3 min

What about respecting polyamorous gays?

There are many kinds of queer relationships

After years of hard work it seems the equal marriage battle has been won. Around me people are cheering this historic occasion, but I find it hard to join in wholeheartedly.

I have supported the fight for equal marriage because I knew many couples who wanted the right to marry, and because marriage became the fulcrum upon which the future of gay rights in Canada rested: either we would take a big leap forward or a big leap back. As I attended the rallies, however, it struck me how often my family was excluded from the “party line.”

Without intending any harm, our community leaders slipped into the same usage of the word “family” as those who oppose same-sex marriage. “Family” is not, in our society, a word of diversity or inclusiveness. “Family” is a euphemism for married-couple-with-kids. Yet not all couples have children, not all couples desire marriage and not all people are part of a couple. Many people are single, and some people – like me – have multiple relationships.

Not everyone wants marriage. Polyamory is alive and well in Canada, and no, I don’t mean “that weird cult thing” as someone recently put it to me. I mean adults who have more than one committed relationship at the same time. Open relationships and non-monogamous relationships – not always the same thing – also exist and thrive, especially among queer people. Some people dislike marriage for its historical and social context. To many of us this emphasis on “equal marriage” seems a step back to the 1950s nuclear family, and a very stifling step back.
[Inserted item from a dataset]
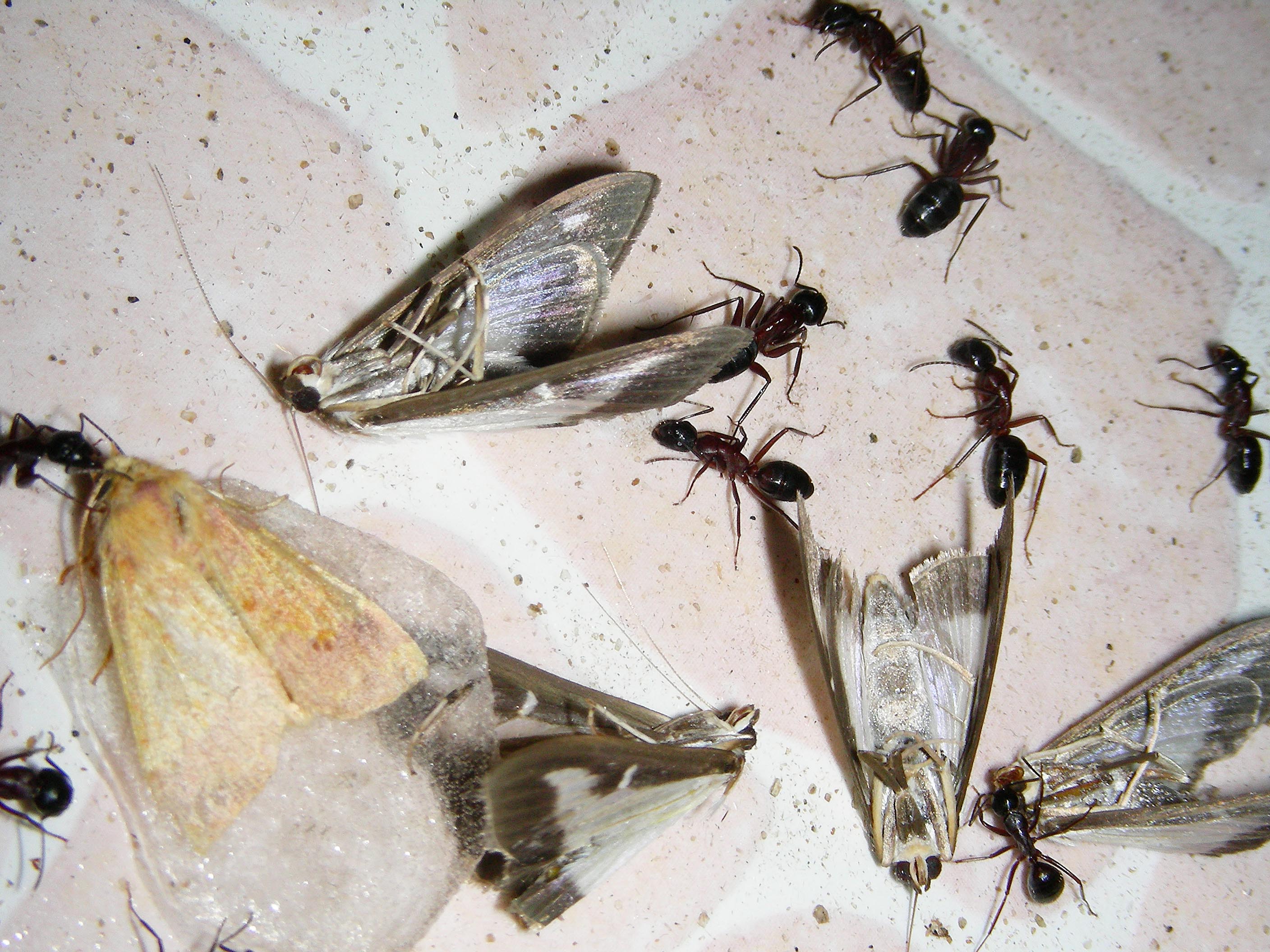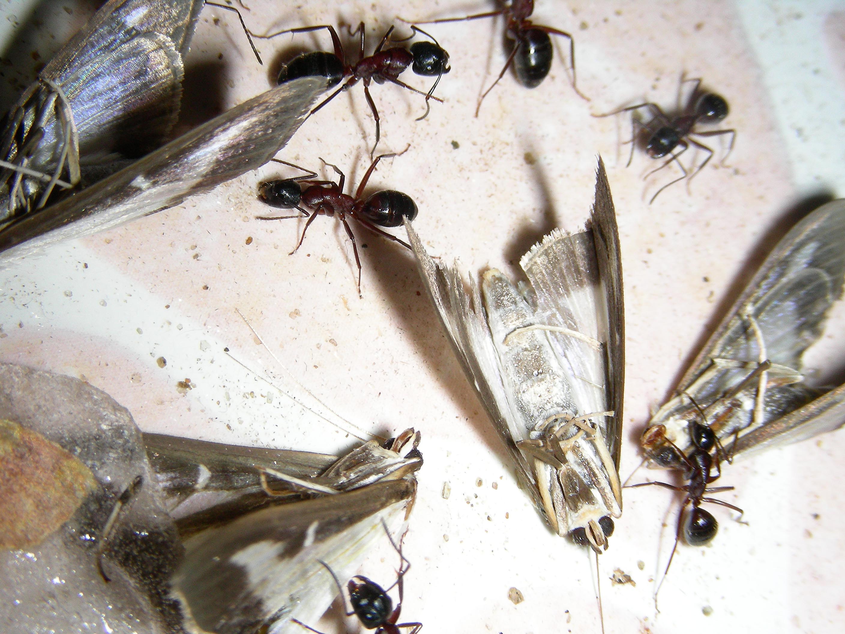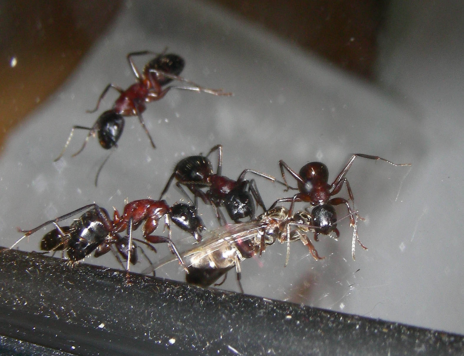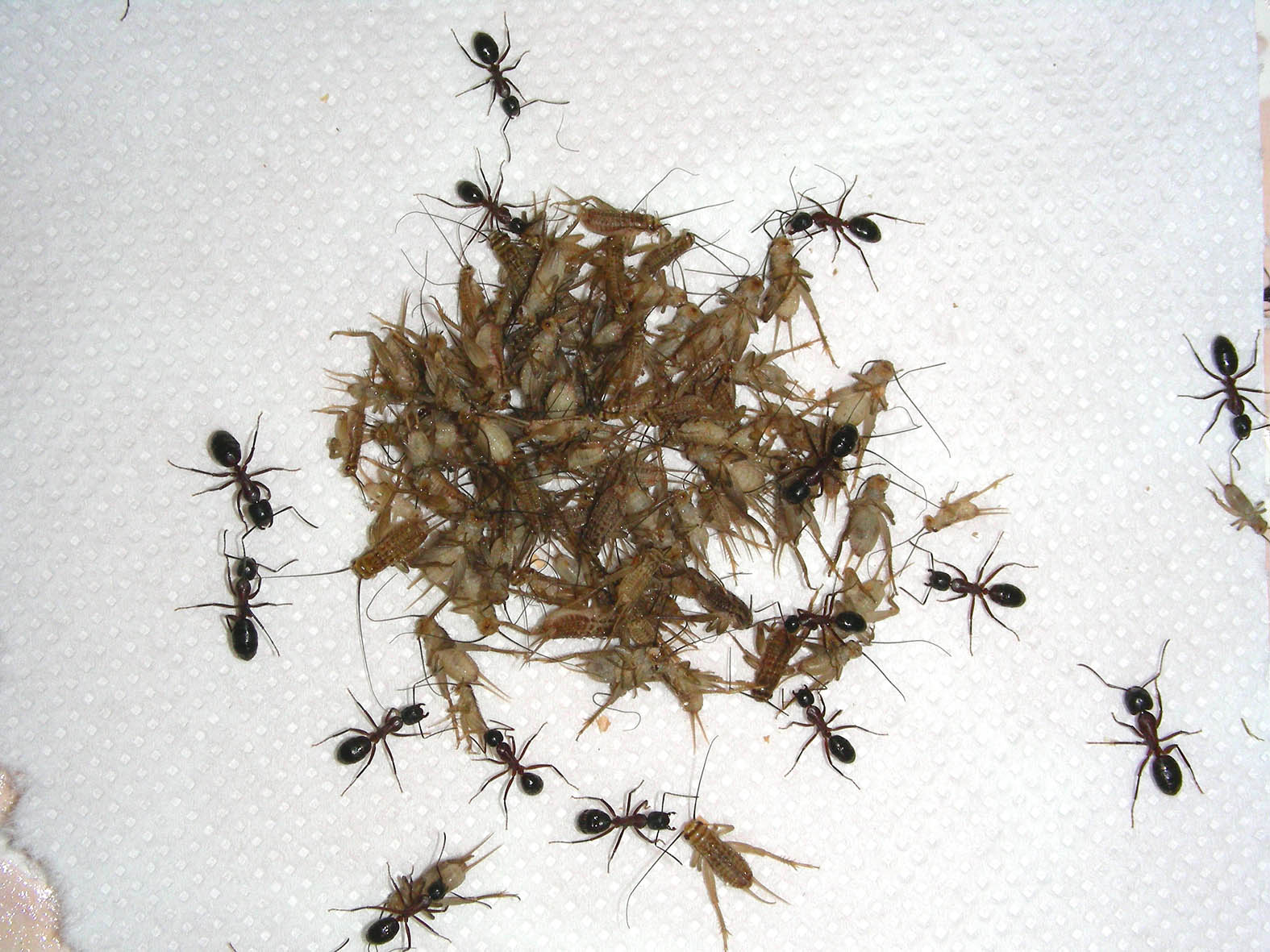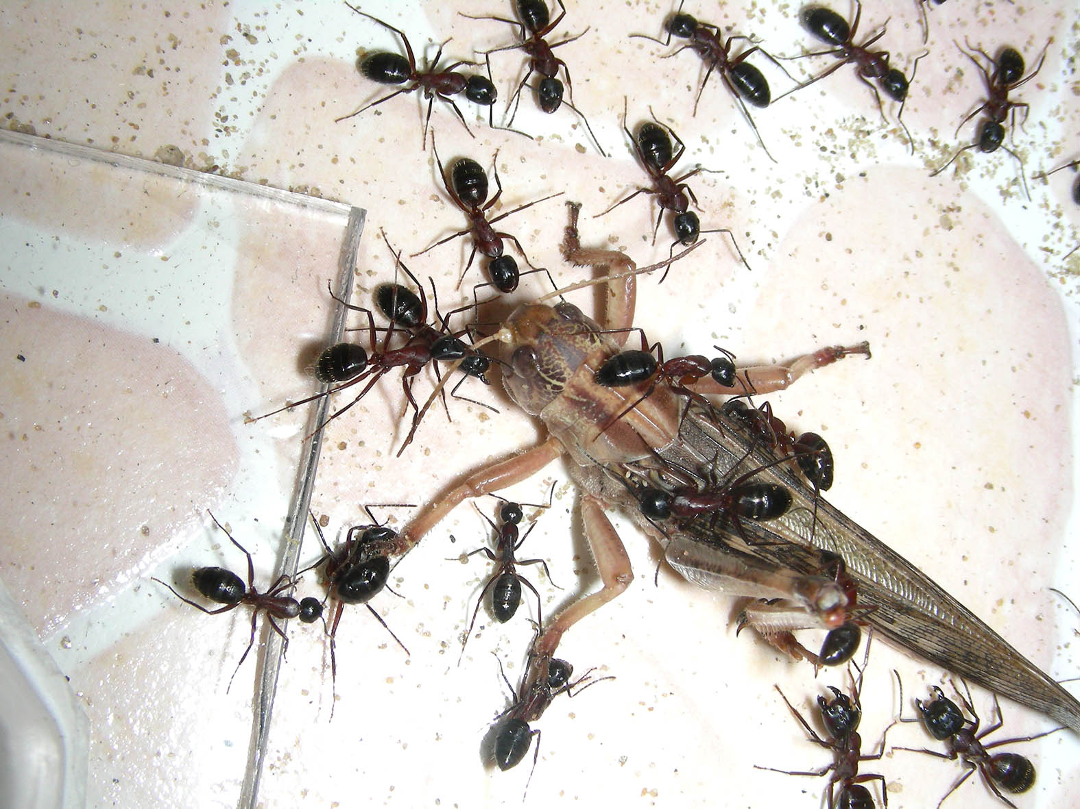 18.03.2011 Gab ihnen in den letzten Tagen immer wieder Insekten hinein die sie alle komplett verwendeten. Heute waren es kleinere Insekten und zwar 90 Essigfliegen - mit denen sie aber bis zum Abend (bis auf ein paar wenige) nichts anfangen konnten - deshalb wieder entfernt. Hoffe ich merke mir das die Camponotus nichts mit den Essigfliegen anfangen können.
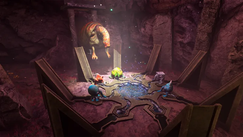 The Trebhums have an unwieldly name and oddball appearance, but I grew quite fond of the little aliens during my hands-on demo with The Eternal Cylinder. The critters look a lot like Q-bert, and they face an existential threat in the form of a massive rolling object that is intent on moving forward – whatever is in its path, be damned. The Trebhums don’t start out able to do much more than flee, but they can eat different foods to manipulate their bodies in helpful ways. Chomp on a grasshopper-like creature, and you sprout springy legs to help you jump over walls. Cold weather got you down? Eat furry prey, and grow a fluffy coat. The unrelenting cylinder is far from the most surreal element in Ace Team’s game. As I progressed, I faced enemies including a giant pod thing that split in the middle, revealing a set of chompers. Weirder still was a torso and arms fused into a car. When I honked at it, it awoke from its slumber and chased me around – and the light from its headlights removed the modifications I’d picked up along the way. There’s also a narrator who would be right at home in a nature documentary, commenting on milestones and doing his part to contribute to the overall strangeness of the whole presentation. It’s coming to consoles and PC in 2020.

I am concerned about the harm done to our community by this very conservative view of families. We seem to be losing our pride in diversity, and our acceptance of differences. I am used to people’s reactions when I answer the inevitable, “So, do you have a boyfriend?” question with, “Yes, two.” I know that this takes most people by surprise, as the concept of a 13-year relationship and a six-year relationship co-existing is outside the experience of many.

What I am not used to, however, is the frequently negative remarks I get now. I sometimes get better reactions from a straight crowd than a gay one, to be honest. I have even been told I “should” keep quiet about it, just like the drag queens and leather men “should” stay out of Pride so the media doesn’t focus on them. Are we trading “the norm is to be heterosexual, so be normal” for “the norm is to be married, so be normal?”

While I admire the many people who fought for our rights in the struggle for same-sex civil marriage, and I understand the strategic decision to concentrate all efforts on this one cause, we must now take stock of those left behind. No compromise is without its price, and the price here has been a marginalization of many people and issues within our communities. This does not only affect people who, like me, are in non-traditional relationships or part of the sexual fringe. It affects many other people as well, people who have noticed a definite lack of acceptance in our communities. Have you asked a bisexual man lately how he is received when taking a girlfriend to a community event?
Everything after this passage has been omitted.